| EXERCISE DATA |

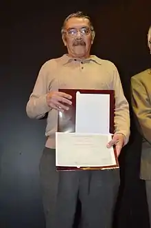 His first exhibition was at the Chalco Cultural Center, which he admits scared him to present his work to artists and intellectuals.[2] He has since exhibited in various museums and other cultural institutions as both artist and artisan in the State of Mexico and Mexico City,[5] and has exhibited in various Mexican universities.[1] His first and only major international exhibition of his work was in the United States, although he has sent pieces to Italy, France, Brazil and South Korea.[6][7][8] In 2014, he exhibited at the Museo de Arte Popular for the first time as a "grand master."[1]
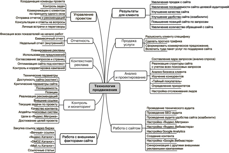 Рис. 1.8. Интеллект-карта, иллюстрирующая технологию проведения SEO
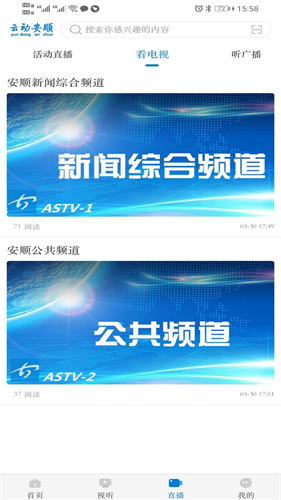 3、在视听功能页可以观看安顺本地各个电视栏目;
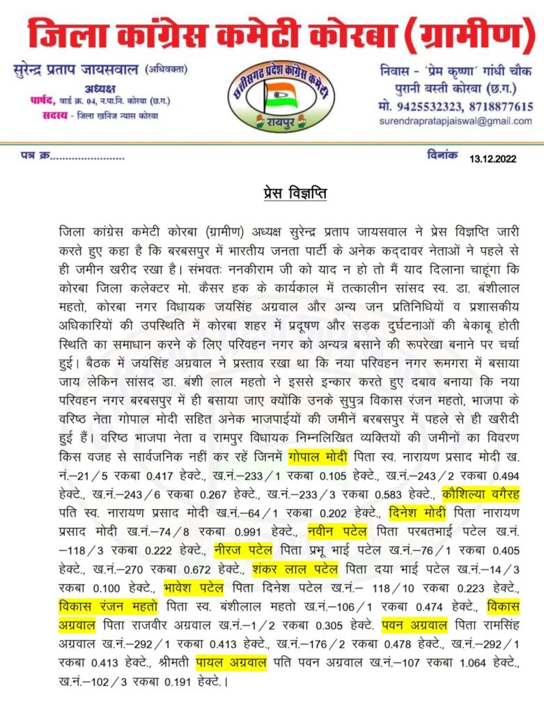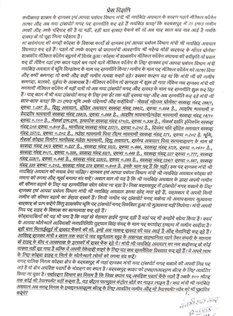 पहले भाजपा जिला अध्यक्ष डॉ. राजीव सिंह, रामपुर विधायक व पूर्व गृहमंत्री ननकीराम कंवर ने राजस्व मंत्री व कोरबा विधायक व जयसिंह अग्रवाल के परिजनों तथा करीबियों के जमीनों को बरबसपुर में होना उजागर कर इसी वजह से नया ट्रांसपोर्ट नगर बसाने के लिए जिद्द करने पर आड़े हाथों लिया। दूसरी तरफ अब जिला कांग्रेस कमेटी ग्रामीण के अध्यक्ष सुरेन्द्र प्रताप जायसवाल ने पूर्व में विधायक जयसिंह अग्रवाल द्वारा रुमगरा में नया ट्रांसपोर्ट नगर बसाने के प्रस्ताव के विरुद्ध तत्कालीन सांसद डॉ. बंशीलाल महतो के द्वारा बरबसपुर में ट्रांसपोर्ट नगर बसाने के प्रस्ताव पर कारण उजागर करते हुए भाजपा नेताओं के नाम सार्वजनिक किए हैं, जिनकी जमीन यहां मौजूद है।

* * *

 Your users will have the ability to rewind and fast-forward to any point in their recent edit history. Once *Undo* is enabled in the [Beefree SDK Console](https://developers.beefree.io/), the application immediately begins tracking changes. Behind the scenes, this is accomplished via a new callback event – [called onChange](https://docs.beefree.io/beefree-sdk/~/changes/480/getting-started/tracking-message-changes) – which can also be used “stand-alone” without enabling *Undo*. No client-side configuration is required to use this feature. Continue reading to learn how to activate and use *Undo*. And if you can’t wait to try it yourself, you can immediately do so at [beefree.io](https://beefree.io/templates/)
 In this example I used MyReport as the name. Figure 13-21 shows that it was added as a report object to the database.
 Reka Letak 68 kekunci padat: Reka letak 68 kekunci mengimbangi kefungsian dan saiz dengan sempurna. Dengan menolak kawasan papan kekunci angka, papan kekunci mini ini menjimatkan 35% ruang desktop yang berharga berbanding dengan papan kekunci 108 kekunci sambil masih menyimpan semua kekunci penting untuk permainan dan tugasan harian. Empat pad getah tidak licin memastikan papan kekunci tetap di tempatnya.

---

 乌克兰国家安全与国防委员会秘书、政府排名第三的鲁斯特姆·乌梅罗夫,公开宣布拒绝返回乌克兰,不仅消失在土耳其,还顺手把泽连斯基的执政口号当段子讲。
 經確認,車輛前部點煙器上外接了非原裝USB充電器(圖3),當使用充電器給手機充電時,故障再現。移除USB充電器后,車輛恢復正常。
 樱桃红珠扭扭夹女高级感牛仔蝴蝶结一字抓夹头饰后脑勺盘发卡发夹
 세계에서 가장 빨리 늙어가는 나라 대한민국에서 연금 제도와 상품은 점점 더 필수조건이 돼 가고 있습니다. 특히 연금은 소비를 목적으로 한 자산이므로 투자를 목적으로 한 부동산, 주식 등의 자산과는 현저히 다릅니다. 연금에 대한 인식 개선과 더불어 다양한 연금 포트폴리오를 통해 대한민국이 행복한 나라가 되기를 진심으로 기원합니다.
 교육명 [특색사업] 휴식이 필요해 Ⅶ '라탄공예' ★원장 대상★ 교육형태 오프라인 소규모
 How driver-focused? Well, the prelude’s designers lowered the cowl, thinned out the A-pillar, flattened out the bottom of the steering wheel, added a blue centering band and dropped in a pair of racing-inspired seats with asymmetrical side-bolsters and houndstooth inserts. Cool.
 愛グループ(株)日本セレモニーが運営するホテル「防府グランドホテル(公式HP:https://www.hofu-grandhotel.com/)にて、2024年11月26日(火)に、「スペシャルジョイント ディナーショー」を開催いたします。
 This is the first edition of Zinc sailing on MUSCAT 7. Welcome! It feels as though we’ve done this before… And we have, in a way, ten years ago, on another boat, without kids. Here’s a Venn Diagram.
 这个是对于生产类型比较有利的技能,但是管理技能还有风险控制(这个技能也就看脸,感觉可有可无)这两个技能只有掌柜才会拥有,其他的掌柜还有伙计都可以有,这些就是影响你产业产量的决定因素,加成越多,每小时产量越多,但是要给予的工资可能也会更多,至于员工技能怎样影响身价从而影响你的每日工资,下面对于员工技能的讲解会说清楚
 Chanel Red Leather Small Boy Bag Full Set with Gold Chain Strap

| WORK ITEM |
Search the lines above for the string "added" and copy each line that has it.

| SOLVED EXERCISE |
 In this example I used MyReport as the name. Figure 13-21 shows that it was added as a report object to the database.
 How driver-focused? Well, the prelude’s designers lowered the cowl, thinned out the A-pillar, flattened out the bottom of the steering wheel, added a blue centering band and dropped in a pair of racing-inspired seats with asymmetrical side-bolsters and houndstooth inserts. Cool.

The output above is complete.